Release Notes for ModeShape 4.5.0.Final
This document outlines the changes that were made in ModeShape 4.5.0.Final.
We hope you enjoy it!
What's new
This release addresses 10 bugs and 7 enhancements, most notably:
Rebuilding indexes incrementally - prior to this release, ModeShape did not have the ability to rebuild indexes (reindex)
from a given point in time, it only supported full reindexing. With this new feature
(that requires the event journal to be enabled) the repository is
able to reindex nodes from a certain timestamp onwards.
This new feature also allows, when running in a cluster, for a cluster
node which was previously down to update its indexes automatically by getting the delta from the other nodes. In other words,
a full reindexing operation is no longer required to bring a cluster node up-to-date index-wise.
See the ModeShape documentation for more information.
Storing indexes in Lucene - this has been a long outstanding feature which was missing in ModeShape 4 ever since the new
indexing design was introduced. Starting with this release, in addition to the Local (MapDB based) index provider, it is
possible to store indexes and run queries using Lucene 5.
See the ModeShape documentation for more information.
Allowing CAST as a dynamic operand in queries - see this issue for more information
Support custom Locales in queries - see this issue for more information
Features
ModeShape 4.5.0.Final has these features:
- ModeShape uses Infinispan for all caching and storage, giving a powerful and flexible
foundation for creating JCR repositories that are fast, scalable, and highly available.

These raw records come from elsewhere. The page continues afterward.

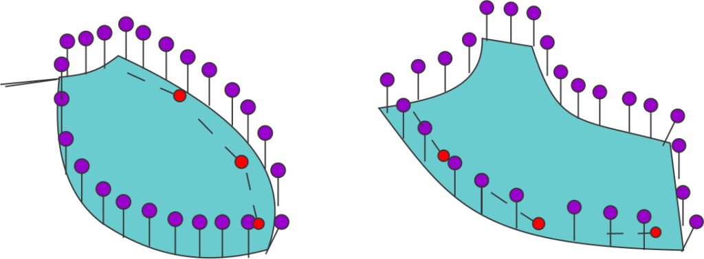 • Sometimes, a piece like the upper cup cannot be flattened to the board because too many other pieces are sewn to it. To pin such a piece, you will need to pin as much as you can, then unpin the beginning the end to the center pins to free up the fabric, keeping the pins set at the apex and above the apex to mark your spot. This unpinning allows the upper cup to pivot around so it can be pinned again until the piece is finished.
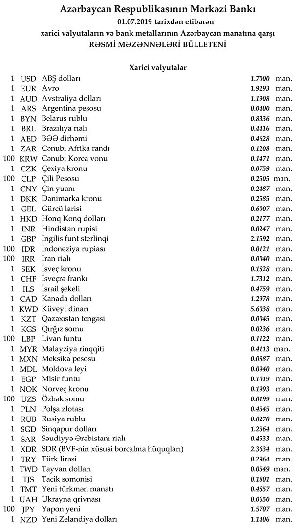 2019-cu ilin İyul ayının 1-nə Mərkəzi Bankın açıqladığı rəsmi Dollar/Manat məzənnəsi İyunun 28-i ilə müqayisədə dəyişməyərək 1,7000 manat olub, Avro/manat məzənnəsi 1.9293 manata düşüb, Rubl/manat məzənnəsi isə 0,0270 manata qalxıb.
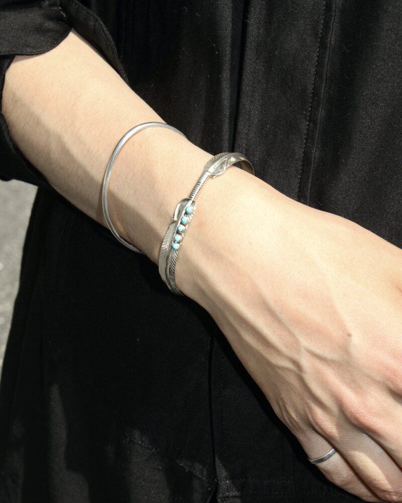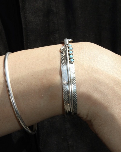 A Navajo bangle with a golden eagle feather motif. Indigenous people call it the culture of origin (Creator) and it is sacred. It is also considered to have powerful power and is used as a talisman and as a symbol of courage and power. The point here is the minimalist look of the narrow silhouette, the design tied in the middle, and the small turquoise. It is sterling silver. Please check the condition in the photo and purchase after acknowledging the characteristics of vinteg.

Infinispan offers a great deal of storage options (via cache loaders), but using Infinispan
as a distributed, multi-site, in-memory data grid provides incredible scalability and performance.
- Strongly consistent. ModeShape is atomic, consistent, isolated and durable (ACID), so writing
applications is very natural. Applications can even use JTA transactions.
- Fast. ModeShape 4 is just plain seriously fast, and performance is all-around
faster than earlier version.
- Larger content. ModeShape 4 can store and access the content so that
a node can have hundreds of thousands (or more!) of child nodes (even with same-name-siblings)
yet still be incredibly fast. Additionally, repositories can scale to many millions of nodes
and be deployed across many processes.
- Simplified configuration. There is no more global configuration of the engine; instead,
each repository is configured with a separate JSON file, which must conform to a ModeShape-specific
JSON Schema and can be validated by ModeShape prior to use. Repository configurations can even be
changed while the repository is running (some restrictions apply), making it possible to
add/change/remove sequencers, authorization providers, and many other configuration options
while the repository is in use.
- Elastic. Add processes to scale out, without having to have a single coordinator.
- Deploy, start, stop and undeploy repositories while the engine is running and while and other
repositories are still in use.
- Sessions immediately see all changes persisted/committed by other sessions, although
transient changes made by the session always take precedence.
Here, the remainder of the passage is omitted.